◆ **What you are asked to do**
Hand back every line from the beginning of the data below through the line containing "This site sits", word for word and free of pictures.

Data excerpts
+===+
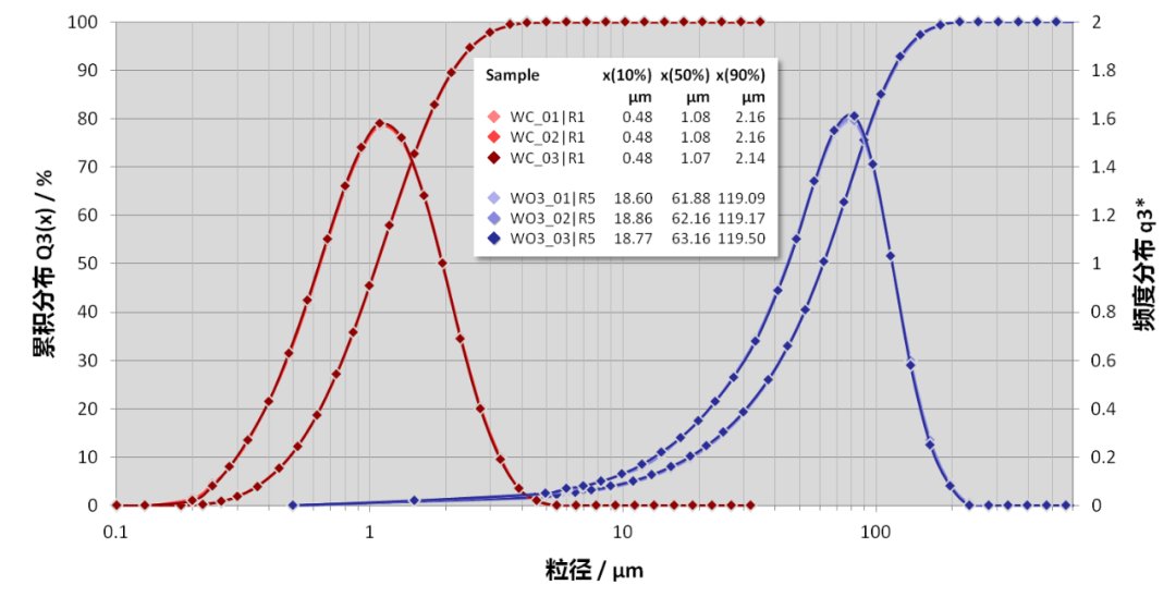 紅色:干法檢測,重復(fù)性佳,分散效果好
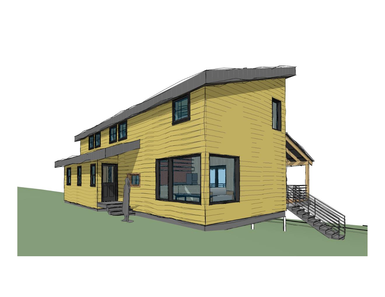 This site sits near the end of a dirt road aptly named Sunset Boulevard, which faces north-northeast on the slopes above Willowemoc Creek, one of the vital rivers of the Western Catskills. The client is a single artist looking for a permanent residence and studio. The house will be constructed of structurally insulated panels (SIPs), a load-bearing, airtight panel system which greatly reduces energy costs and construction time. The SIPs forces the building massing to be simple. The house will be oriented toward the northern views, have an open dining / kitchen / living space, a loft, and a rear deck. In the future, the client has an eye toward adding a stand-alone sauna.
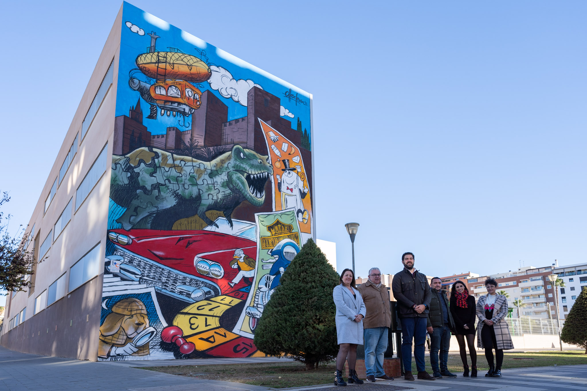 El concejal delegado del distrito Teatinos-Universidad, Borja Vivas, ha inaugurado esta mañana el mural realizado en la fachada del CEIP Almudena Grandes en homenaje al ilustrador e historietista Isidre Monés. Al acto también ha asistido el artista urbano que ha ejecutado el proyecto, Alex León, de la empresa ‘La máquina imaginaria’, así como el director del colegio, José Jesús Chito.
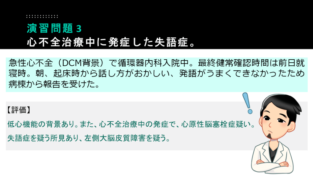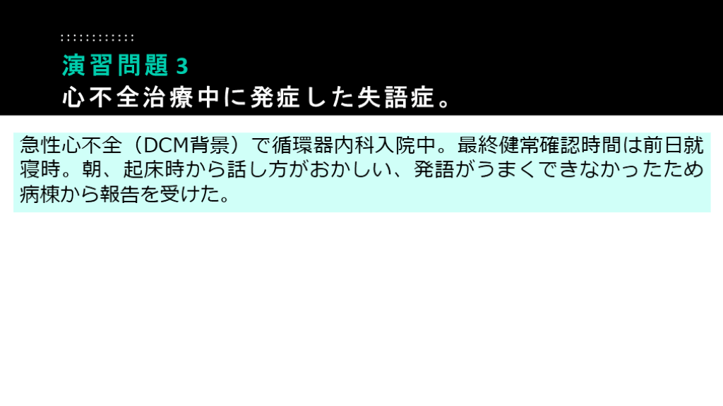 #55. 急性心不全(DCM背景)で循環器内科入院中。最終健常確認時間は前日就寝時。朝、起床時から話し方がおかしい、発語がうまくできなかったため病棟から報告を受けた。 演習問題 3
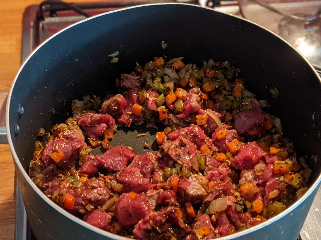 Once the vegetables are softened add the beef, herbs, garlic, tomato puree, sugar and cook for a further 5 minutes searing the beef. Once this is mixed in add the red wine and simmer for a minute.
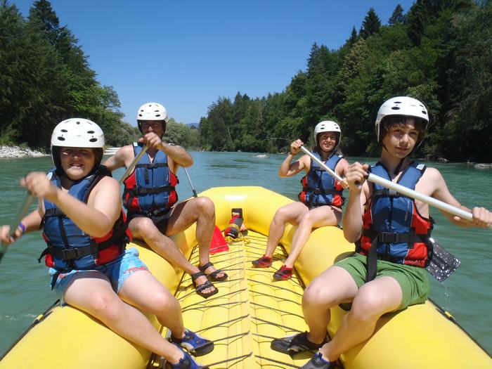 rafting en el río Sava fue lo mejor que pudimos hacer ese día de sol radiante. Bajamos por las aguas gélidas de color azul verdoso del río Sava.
+===+
◆ **Your response**
 紅色:干法檢測,重復(fù)性佳,分散效果好
 This site sits near the end of a dirt road aptly named Sunset Boulevard, which faces north-northeast on the slopes above Willowemoc Creek, one of the vital rivers of the Western Catskills. The client is a single artist looking for a permanent residence and studio. The house will be constructed of structurally insulated panels (SIPs), a load-bearing, airtight panel system which greatly reduces energy costs and construction time. The SIPs forces the building massing to be simple. The house will be oriented toward the northern views, have an open dining / kitchen / living space, a loft, and a rear deck. In the future, the client has an eye toward adding a stand-alone sauna.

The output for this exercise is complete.